Your copy of the entries below should hold exactly the lines from the one containing "Stylish hooded cardigan" to the one containing "Optimizar los parámetros", inclusive, and no pictures.

### SUPPLIED MATERIAL
════════════════════

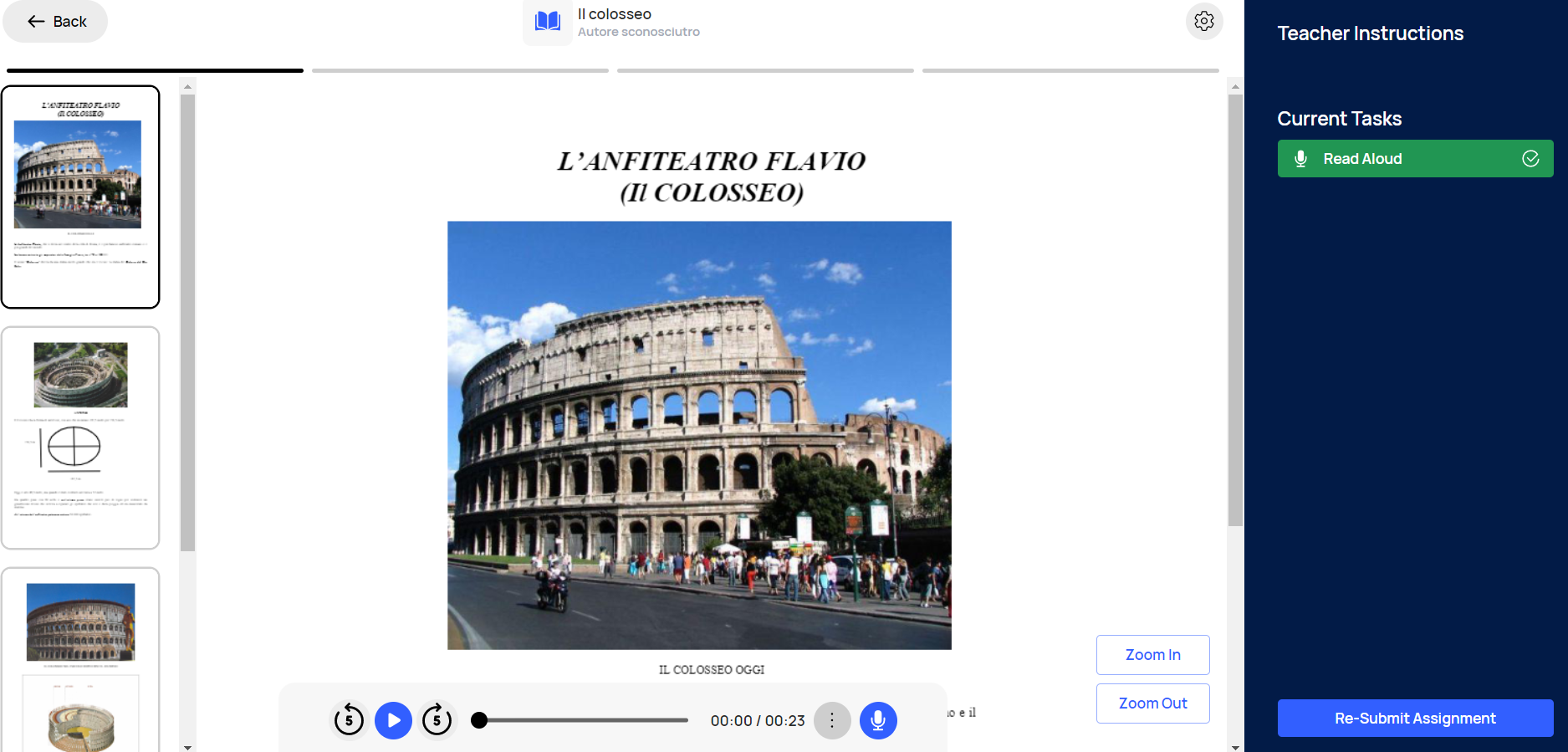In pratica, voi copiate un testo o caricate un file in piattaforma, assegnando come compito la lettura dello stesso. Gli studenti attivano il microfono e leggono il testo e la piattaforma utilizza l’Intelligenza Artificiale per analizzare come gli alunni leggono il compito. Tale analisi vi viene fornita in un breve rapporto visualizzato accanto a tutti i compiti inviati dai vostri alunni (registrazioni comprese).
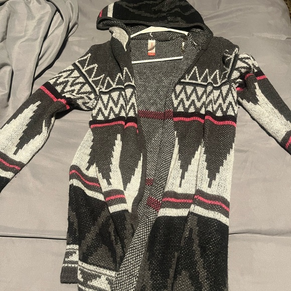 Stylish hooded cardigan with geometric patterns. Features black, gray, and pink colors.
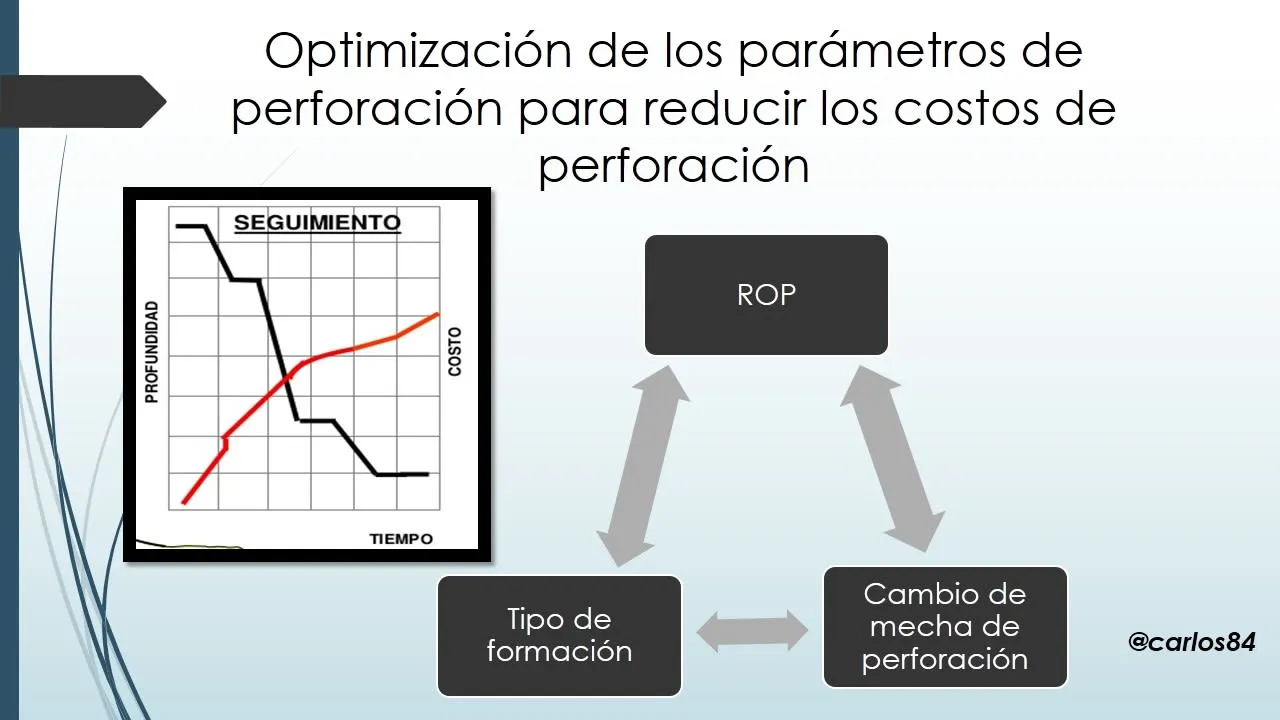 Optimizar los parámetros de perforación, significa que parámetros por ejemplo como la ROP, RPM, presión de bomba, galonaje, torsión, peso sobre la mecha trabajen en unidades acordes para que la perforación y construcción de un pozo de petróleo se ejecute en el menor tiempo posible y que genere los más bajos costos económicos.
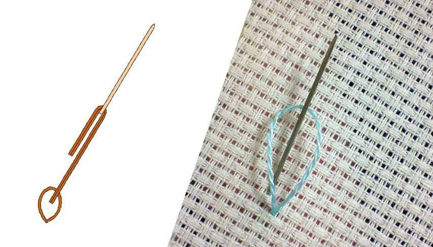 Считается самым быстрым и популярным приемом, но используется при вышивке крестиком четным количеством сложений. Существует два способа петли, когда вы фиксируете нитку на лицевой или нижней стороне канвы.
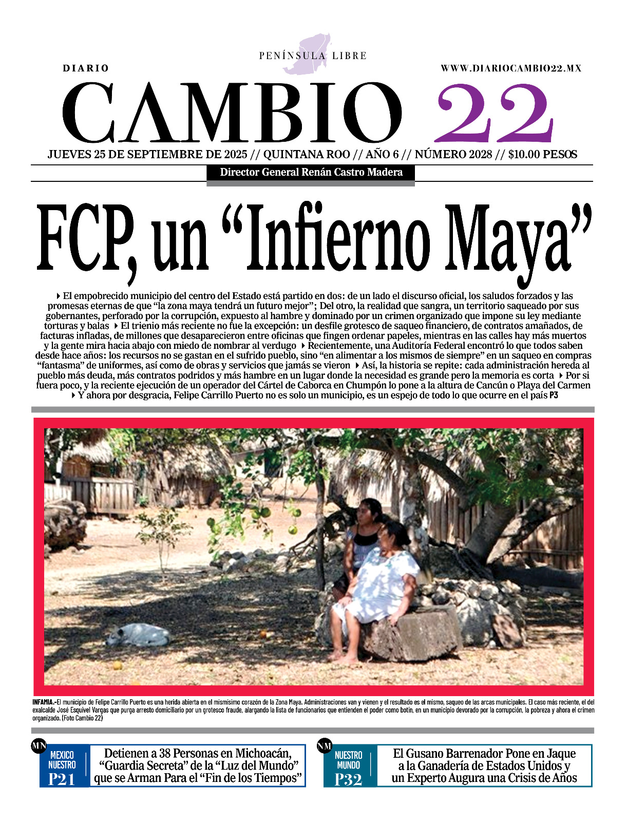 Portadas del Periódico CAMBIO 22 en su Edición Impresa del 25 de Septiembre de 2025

════════════════════

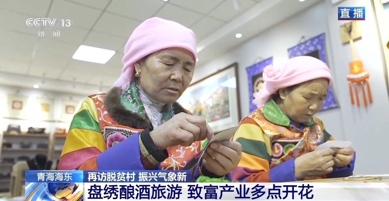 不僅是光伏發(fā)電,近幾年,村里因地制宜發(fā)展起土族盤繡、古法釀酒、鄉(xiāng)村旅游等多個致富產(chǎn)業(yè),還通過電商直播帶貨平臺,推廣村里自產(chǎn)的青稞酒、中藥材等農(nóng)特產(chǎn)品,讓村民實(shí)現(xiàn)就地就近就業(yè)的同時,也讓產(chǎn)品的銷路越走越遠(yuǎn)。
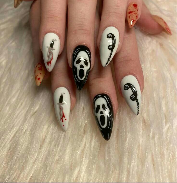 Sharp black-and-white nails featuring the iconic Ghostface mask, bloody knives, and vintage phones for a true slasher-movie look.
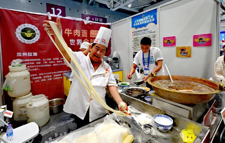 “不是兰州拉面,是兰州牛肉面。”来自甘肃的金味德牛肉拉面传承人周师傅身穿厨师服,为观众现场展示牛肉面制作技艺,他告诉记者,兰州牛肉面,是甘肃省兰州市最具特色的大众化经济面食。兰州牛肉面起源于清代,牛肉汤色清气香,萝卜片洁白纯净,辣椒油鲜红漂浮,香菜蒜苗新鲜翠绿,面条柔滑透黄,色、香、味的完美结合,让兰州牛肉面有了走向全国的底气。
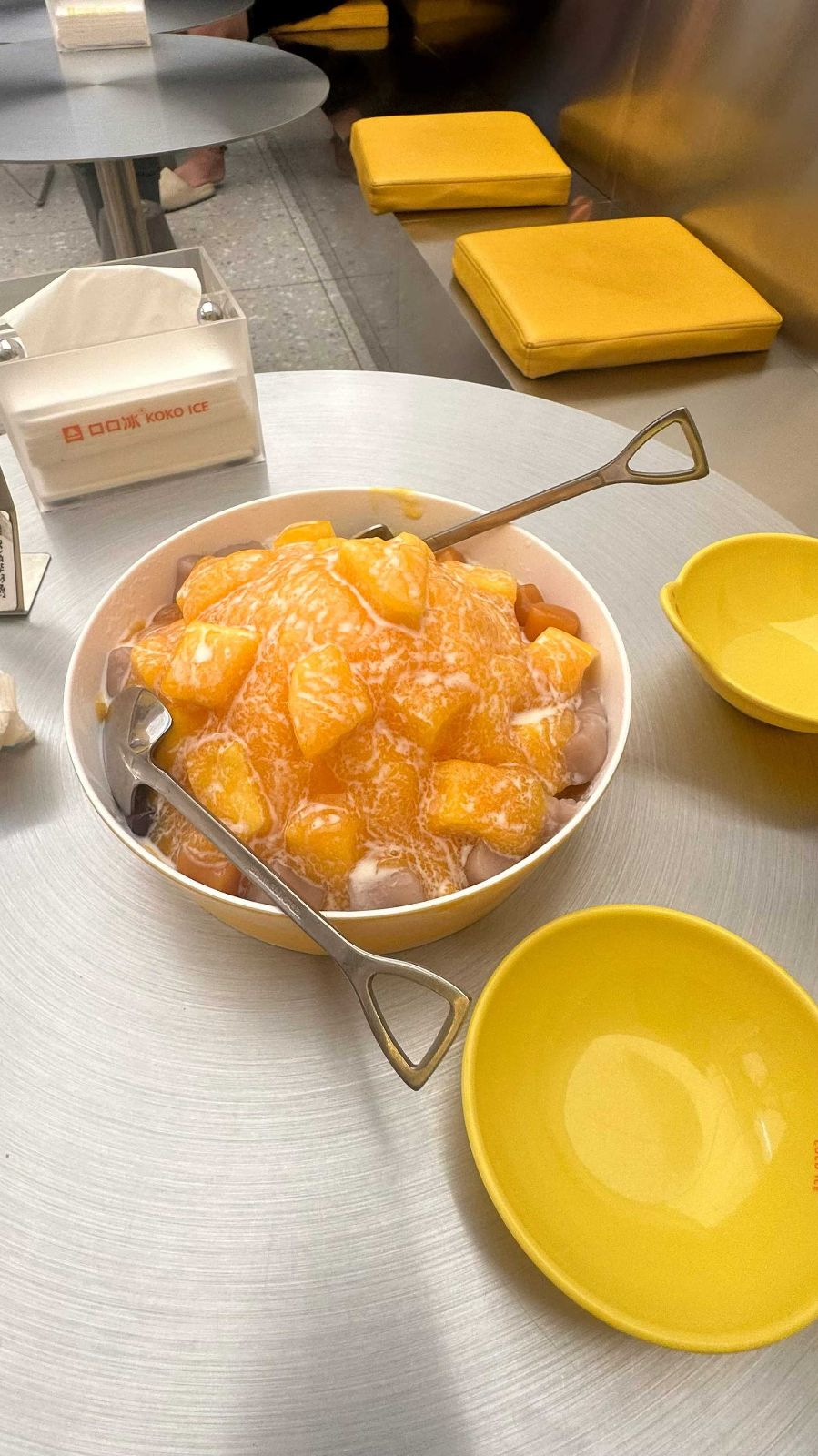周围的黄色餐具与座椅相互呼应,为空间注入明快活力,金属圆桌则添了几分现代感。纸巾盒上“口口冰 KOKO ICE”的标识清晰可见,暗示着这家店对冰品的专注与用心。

════════════════════

### SOLUTION
 Stylish hooded cardigan with geometric patterns. Features black, gray, and pink colors.
 Optimizar los parámetros de perforación, significa que parámetros por ejemplo como la ROP, RPM, presión de bomba, galonaje, torsión, peso sobre la mecha trabajen en unidades acordes para que la perforación y construcción de un pozo de petróleo se ejecute en el menor tiempo posible y que genere los más bajos costos económicos.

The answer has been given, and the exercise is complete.